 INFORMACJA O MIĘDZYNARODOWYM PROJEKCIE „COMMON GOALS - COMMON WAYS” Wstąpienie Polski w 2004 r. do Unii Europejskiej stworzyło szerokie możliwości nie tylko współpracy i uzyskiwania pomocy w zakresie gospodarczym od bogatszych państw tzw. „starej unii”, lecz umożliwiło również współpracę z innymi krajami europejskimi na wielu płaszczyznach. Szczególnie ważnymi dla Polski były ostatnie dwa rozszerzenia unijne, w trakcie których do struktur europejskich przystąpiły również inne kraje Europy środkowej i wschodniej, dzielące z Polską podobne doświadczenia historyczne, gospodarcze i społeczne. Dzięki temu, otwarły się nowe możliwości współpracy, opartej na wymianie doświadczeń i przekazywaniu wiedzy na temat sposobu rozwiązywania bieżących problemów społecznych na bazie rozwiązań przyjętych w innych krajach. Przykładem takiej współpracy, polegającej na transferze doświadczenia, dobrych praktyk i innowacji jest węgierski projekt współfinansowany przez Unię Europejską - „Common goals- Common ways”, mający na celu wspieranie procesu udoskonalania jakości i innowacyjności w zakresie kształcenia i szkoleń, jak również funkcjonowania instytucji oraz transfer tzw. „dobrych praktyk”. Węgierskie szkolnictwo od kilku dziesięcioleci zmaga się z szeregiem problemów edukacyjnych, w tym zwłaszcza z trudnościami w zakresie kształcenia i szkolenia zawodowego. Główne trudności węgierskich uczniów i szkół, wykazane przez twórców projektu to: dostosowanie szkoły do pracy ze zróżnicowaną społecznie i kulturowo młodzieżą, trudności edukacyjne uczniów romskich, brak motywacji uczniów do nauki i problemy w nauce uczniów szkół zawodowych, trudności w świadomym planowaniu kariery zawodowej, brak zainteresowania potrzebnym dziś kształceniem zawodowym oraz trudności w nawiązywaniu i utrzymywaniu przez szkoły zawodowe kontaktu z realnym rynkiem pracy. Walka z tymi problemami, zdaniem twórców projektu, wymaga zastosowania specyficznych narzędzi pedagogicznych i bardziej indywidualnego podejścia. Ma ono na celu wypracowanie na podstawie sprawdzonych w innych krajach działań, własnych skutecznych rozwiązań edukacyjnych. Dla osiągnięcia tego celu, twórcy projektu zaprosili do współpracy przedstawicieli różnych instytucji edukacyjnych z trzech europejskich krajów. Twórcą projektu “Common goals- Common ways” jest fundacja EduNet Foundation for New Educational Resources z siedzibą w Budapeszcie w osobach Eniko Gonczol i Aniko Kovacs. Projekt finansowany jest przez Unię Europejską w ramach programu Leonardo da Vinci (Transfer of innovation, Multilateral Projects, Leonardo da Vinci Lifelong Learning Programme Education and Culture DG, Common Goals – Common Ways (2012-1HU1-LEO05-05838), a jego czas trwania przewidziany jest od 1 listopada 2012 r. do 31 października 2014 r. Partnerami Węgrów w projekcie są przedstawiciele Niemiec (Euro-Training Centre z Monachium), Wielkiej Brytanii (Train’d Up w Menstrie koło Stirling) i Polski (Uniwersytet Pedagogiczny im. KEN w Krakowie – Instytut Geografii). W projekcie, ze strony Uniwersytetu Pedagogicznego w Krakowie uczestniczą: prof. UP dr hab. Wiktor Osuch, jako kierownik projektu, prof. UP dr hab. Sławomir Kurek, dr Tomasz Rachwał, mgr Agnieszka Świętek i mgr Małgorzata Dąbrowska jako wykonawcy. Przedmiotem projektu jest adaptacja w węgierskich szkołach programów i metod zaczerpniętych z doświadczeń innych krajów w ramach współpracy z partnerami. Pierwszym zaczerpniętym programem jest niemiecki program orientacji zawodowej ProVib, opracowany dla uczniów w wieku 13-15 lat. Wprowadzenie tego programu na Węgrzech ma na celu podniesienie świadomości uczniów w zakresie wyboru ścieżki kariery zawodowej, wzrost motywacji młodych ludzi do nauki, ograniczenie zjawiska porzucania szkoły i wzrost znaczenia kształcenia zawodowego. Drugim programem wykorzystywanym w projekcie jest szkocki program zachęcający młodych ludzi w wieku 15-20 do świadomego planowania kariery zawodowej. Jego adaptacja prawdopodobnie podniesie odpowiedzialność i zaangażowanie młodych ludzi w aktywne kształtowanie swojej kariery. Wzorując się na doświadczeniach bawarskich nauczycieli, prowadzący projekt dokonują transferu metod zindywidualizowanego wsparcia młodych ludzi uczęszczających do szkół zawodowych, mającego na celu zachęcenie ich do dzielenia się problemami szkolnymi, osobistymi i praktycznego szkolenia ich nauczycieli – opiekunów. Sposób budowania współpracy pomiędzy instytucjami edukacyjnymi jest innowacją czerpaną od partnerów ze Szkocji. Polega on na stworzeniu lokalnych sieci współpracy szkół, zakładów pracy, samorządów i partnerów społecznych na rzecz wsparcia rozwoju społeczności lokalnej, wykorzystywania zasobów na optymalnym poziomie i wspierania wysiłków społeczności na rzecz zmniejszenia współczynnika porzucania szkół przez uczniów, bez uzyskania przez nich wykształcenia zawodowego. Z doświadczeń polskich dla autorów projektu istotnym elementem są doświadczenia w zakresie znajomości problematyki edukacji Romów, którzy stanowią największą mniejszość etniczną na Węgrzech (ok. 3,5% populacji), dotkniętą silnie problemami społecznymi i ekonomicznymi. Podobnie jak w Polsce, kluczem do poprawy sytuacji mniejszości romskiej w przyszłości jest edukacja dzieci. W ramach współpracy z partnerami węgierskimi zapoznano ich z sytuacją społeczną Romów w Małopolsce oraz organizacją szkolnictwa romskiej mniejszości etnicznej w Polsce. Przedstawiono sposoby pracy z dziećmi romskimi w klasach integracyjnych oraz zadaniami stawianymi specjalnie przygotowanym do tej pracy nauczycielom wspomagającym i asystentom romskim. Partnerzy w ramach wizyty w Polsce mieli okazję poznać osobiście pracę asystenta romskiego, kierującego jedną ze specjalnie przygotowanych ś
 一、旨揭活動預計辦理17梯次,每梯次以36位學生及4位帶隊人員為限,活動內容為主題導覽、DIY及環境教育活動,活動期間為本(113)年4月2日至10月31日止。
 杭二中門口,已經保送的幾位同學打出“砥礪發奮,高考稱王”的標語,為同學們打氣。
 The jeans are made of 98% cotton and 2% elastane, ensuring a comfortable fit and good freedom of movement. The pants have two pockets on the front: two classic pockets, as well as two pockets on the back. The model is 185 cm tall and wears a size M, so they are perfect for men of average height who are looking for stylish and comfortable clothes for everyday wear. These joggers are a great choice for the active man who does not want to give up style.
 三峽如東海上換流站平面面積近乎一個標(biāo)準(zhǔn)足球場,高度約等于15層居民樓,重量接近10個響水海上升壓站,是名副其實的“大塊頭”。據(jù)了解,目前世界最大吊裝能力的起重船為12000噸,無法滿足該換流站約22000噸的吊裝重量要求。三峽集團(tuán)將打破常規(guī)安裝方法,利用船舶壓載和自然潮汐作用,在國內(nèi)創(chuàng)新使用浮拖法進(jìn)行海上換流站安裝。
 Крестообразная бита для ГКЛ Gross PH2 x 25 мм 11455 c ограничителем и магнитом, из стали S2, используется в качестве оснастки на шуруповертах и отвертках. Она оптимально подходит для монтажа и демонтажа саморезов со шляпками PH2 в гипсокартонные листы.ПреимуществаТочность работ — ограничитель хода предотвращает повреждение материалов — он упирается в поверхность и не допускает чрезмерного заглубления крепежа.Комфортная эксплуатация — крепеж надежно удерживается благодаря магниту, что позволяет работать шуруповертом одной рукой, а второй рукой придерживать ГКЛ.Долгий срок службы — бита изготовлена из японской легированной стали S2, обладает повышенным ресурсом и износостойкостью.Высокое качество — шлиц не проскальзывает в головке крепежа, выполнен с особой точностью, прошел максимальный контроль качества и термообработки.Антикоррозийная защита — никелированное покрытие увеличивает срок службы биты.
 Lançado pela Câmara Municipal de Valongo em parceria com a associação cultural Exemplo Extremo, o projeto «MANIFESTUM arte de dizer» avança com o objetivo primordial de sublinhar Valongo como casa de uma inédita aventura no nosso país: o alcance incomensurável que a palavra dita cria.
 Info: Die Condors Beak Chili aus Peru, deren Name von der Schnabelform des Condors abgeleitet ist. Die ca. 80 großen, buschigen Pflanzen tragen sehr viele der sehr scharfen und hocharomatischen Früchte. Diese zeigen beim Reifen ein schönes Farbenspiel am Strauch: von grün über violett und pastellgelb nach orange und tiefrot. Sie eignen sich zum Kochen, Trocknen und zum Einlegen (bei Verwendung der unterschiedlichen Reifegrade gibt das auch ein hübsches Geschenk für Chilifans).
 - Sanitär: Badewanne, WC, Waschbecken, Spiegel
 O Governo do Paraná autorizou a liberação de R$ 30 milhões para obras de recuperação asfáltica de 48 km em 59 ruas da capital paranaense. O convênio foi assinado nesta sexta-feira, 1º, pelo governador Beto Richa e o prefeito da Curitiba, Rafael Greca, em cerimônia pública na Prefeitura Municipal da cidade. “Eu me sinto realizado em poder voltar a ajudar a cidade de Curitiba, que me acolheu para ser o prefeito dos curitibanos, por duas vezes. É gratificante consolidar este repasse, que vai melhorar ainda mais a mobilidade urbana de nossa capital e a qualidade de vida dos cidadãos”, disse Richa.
========================================================================
Description of the task: Answer with a number only. How many lines in the records include the word "Municipal"?

Task answer: 2